- **TASK DESCRIPTION**:
Take the lines below from the one with "ゴブラン調のねこ総柄がかわいいトートバッグです。" through the one with "Парка женская Lanxirui, с" and print only them, exactly. Don't print the pictures.

- **RECORDS TO USE**:
-- Opening Marker --

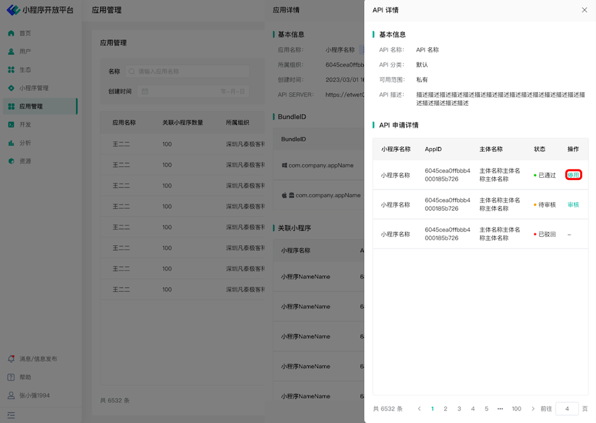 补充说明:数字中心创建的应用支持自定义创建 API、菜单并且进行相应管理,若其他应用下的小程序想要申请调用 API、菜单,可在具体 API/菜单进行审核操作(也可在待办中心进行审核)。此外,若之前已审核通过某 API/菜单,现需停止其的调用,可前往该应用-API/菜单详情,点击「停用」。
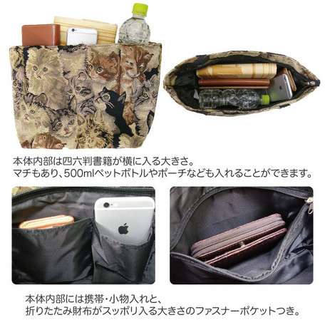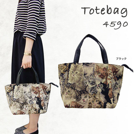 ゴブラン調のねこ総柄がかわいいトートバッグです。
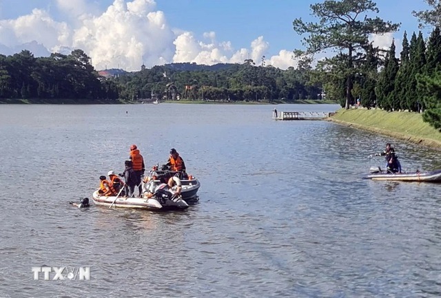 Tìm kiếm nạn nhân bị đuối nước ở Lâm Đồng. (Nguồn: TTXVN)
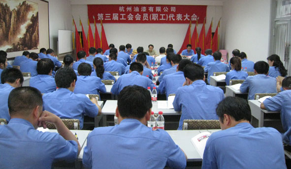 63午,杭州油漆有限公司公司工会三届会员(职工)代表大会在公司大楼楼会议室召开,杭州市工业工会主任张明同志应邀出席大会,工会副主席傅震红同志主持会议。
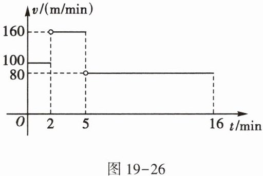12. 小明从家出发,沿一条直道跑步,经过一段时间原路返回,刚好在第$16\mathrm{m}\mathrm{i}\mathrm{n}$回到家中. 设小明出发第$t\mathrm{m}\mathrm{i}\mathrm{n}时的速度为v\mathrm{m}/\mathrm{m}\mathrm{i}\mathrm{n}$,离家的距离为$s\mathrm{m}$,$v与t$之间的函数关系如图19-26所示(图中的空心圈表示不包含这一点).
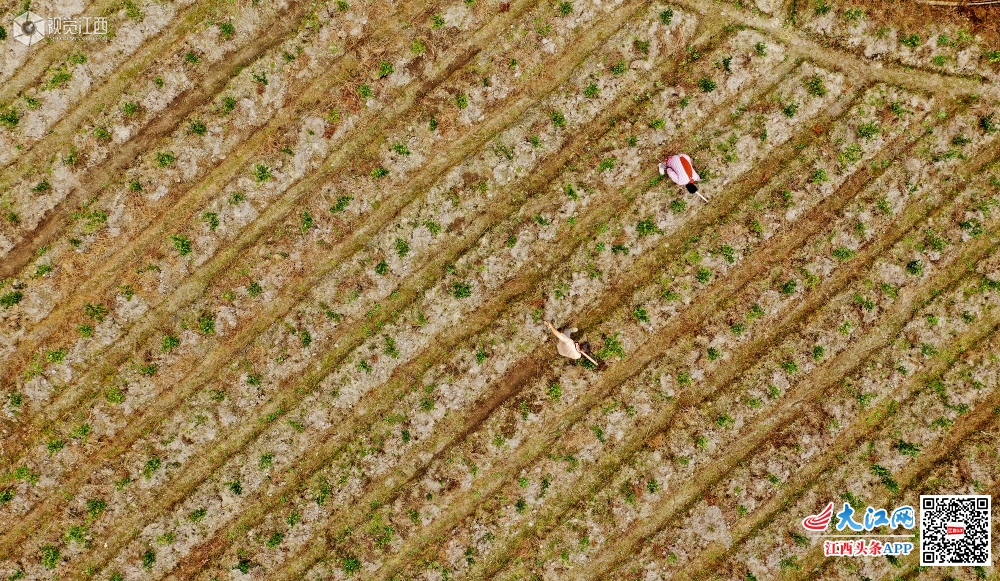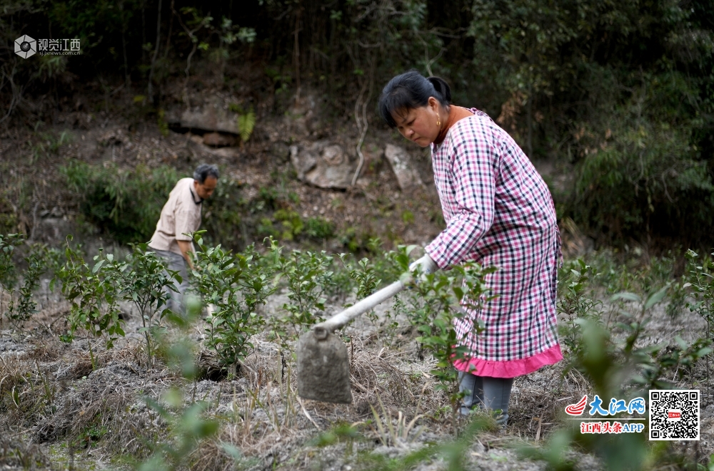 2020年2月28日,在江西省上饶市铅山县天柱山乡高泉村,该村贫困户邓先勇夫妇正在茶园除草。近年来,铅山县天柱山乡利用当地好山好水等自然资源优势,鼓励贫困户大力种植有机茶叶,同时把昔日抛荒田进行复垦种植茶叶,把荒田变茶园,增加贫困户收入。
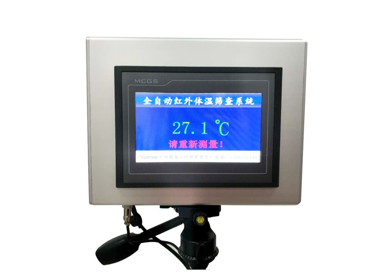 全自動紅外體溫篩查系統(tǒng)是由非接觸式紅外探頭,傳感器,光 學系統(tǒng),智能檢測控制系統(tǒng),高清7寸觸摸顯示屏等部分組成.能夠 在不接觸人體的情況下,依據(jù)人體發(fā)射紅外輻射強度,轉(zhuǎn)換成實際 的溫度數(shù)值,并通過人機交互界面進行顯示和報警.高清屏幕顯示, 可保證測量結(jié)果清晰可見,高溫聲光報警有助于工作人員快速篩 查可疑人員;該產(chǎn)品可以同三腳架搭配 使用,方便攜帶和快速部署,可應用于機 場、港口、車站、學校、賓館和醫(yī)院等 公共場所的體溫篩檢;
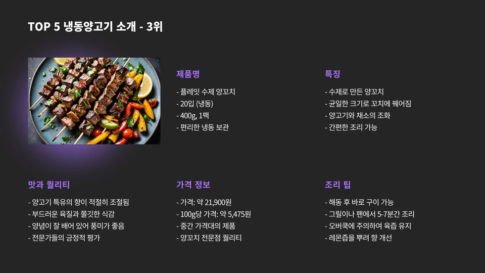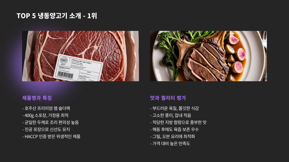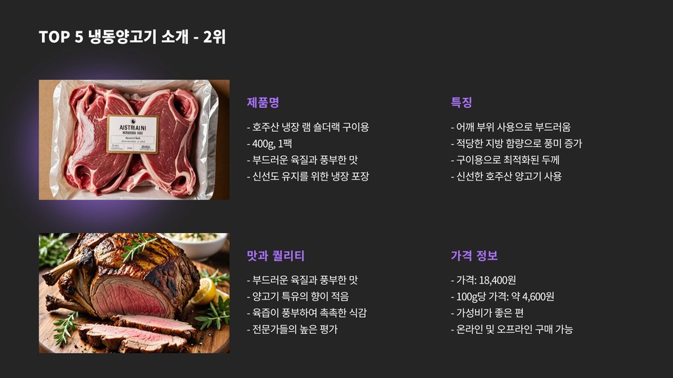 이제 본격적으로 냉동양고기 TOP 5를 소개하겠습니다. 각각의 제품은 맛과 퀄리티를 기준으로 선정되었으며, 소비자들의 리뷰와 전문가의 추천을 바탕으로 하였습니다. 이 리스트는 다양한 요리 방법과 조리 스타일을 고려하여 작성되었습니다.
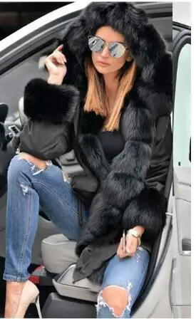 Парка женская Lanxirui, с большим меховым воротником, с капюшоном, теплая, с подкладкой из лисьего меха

-- Closing Marker --
-- Opening Marker --

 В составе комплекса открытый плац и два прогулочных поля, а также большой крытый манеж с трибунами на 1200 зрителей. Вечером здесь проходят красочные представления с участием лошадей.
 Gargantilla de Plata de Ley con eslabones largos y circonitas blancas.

-- Closing Marker --

- **ANSWER TO THIS TASK**:
 ゴブラン調のねこ総柄がかわいいトートバッグです。
 Tìm kiếm nạn nhân bị đuối nước ở Lâm Đồng. (Nguồn: TTXVN)
 63午,杭州油漆有限公司公司工会三届会员(职工)代表大会在公司大楼楼会议室召开,杭州市工业工会主任张明同志应邀出席大会,工会副主席傅震红同志主持会议。
12. 小明从家出发,沿一条直道跑步,经过一段时间原路返回,刚好在第$16\mathrm{m}\mathrm{i}\mathrm{n}$回到家中. 设小明出发第$t\mathrm{m}\mathrm{i}\mathrm{n}时的速度为v\mathrm{m}/\mathrm{m}\mathrm{i}\mathrm{n}$,离家的距离为$s\mathrm{m}$,$v与t$之间的函数关系如图19-26所示(图中的空心圈表示不包含这一点).
 2020年2月28日,在江西省上饶市铅山县天柱山乡高泉村,该村贫困户邓先勇夫妇正在茶园除草。近年来,铅山县天柱山乡利用当地好山好水等自然资源优势,鼓励贫困户大力种植有机茶叶,同时把昔日抛荒田进行复垦种植茶叶,把荒田变茶园,增加贫困户收入。
 全自動紅外體溫篩查系統(tǒng)是由非接觸式紅外探頭,傳感器,光 學系統(tǒng),智能檢測控制系統(tǒng),高清7寸觸摸顯示屏等部分組成.能夠 在不接觸人體的情況下,依據(jù)人體發(fā)射紅外輻射強度,轉(zhuǎn)換成實際 的溫度數(shù)值,并通過人機交互界面進行顯示和報警.高清屏幕顯示, 可保證測量結(jié)果清晰可見,高溫聲光報警有助于工作人員快速篩 查可疑人員;該產(chǎn)品可以同三腳架搭配 使用,方便攜帶和快速部署,可應用于機 場、港口、車站、學校、賓館和醫(yī)院等 公共場所的體溫篩檢;
 이제 본격적으로 냉동양고기 TOP 5를 소개하겠습니다. 각각의 제품은 맛과 퀄리티를 기준으로 선정되었으며, 소비자들의 리뷰와 전문가의 추천을 바탕으로 하였습니다. 이 리스트는 다양한 요리 방법과 조리 스타일을 고려하여 작성되었습니다.
 Парка женская Lanxirui, с большим меховым воротником, с капюшоном, теплая, с подкладкой из лисьего меха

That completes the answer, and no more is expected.